Tailgaters are much worse, and pose a higher risk obviously. The only time I become angry with slow drivers is if I'm in a hurry to get somewhere. I like to mess with tailgaters by blocking the left lane as they try to pass me. If I'm dealing with one that's especially bad I'll make sure to give them the finger as I make a turn or an exit :lol


----------



## danberado (Apr 22, 2010)

> I like to mess with tailgaters by blocking the left lane as they try to pass me.


 :doh


----------



## equiiaddict (Jun 27, 2006)

Tailgaters! They piss me off so much. I like to mess with them though, I'll conveniently decide to "rinse off my windshield" or "brake for some animal crossing the road" to freak them out a bit.  That usually gets them to back off. And if those two don't work - I'll drive even slower.


----------



## Syndacus (Aug 9, 2011)

Slow drivers, I got a lead foot when I drive and tend to speed often. *hugs radar detector device*


----------



## tlgibson97 (Sep 24, 2009)

I don't have a problem with tailgaters. I guess its because where I drive most people don't leave a space long enough for a vehicle to fit in because if you do someone will get in it.

I only dislike slow people when there are two of them side by side. If people would follow the rules of the road and keep slower traffic to the right, regardless of actual speed, then traffic will flow better. 

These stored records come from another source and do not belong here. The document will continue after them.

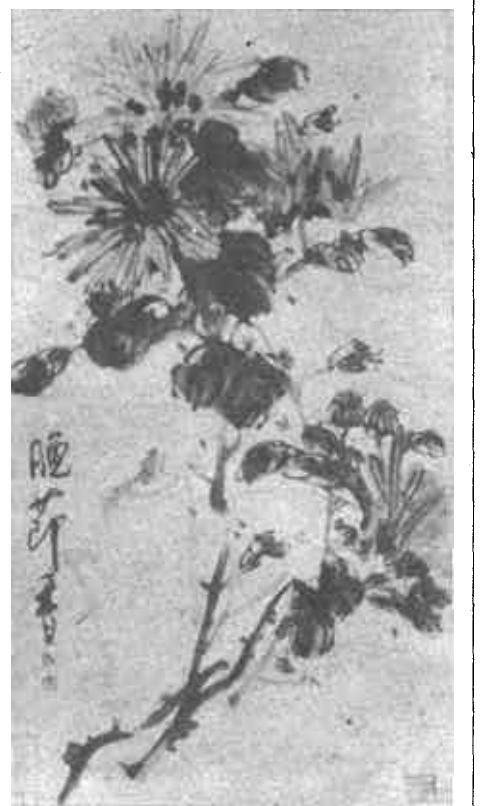
(右) 晚节香 (国画) 张丽林 (上) 清江放舟 (国画) 张丽林 (左下) 江山入画图 (国画) 许晓华
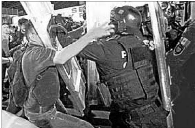
▲ Desde el mediodía, familiares de internos derrumbaron las rejas de acceso para exigir informes; por la noche continuaban las protestas para evitar traslados.
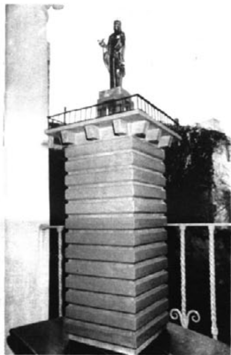
(maqueta del proyecto, ya aprobado, de NA BURGUESA)

Tiempo habrá de ocuparnos de esta nueva obra del escultor Sarasate, que a no dudar constituirá una de sus más importantes realizaciones.
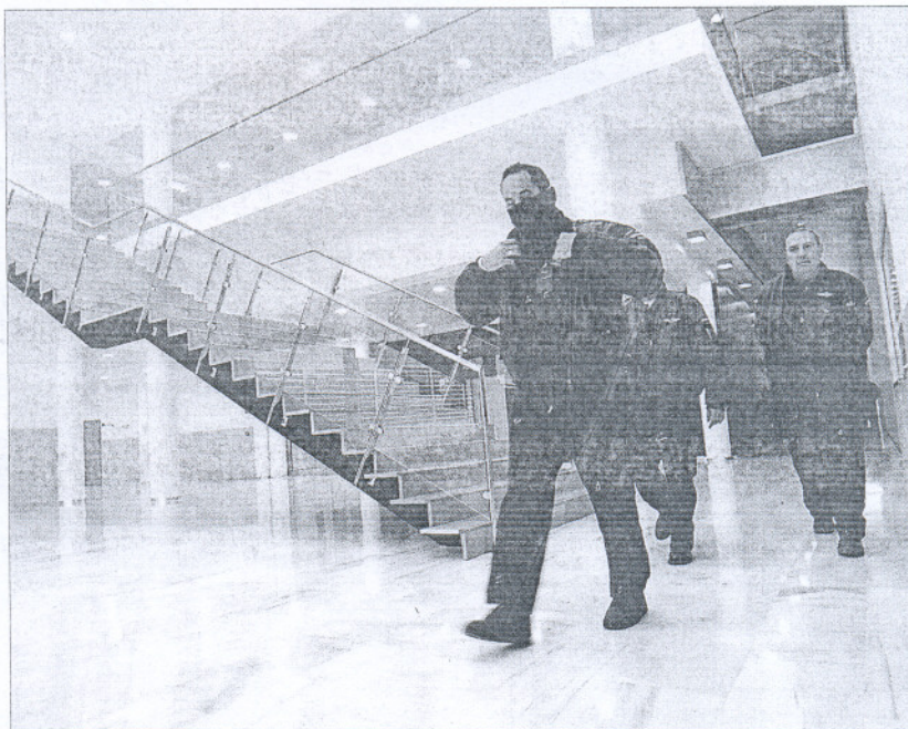
Un aspecto del interior de la nueva comisaría central de Granada.

Las dependencias de Vélez Málaga también cosechan críticas por viejas y reducidas. "Es antigua y poco preparada", comenta

The people that really tick me off are the ones that are chronic lane changers. They will swerve in and out of lanes trying to move up one place, barely missing the bumper of the cars around them. Then they get stuck at the next light with everyone else.


----------



## stylicho (Nov 8, 2003)

Tailgators are the most annoying. I almost got into a fight with an idiot because he was tailgating. I tapped my brakes because he was right on my *** trying to impress his girlfriend I guess. After I did that he passed, but not all the way, and would have hit the back of his truck against my car if I didn't go onto the shoulder. That's when I flipped him off and pointed for him to go to the shoulder. He waited until we got to a gas station before he pulled over. We had a little discussion and he told me he was riding my *** because my car could go faster than his truck :con lol. Which probably isn't even true by the way lol. Anyways, that ended relatively peacefully. 
As for slow drivers. I generally consider myself a slow driver. The only thing that really irritates me about slow drivers is the ones who try to drag race you when you pass :lol. Even elderly people speed up when you try to pass them lol.


----------



## danberado (Apr 22, 2010)

Getting upset at tailgaters for posing an accident risk, and passive aggressively braking to "freak them out" is incredibly self defeating.


----------



## laura024 (Aug 11, 2006)

Other annoying driving habits I was victim to today:

-Turning too close in front of someone who's going straight and almost causing a collision

-Stopping abruptly and turning. If you're not going to use a turn signal, at least start slowing down earlier. Jeez.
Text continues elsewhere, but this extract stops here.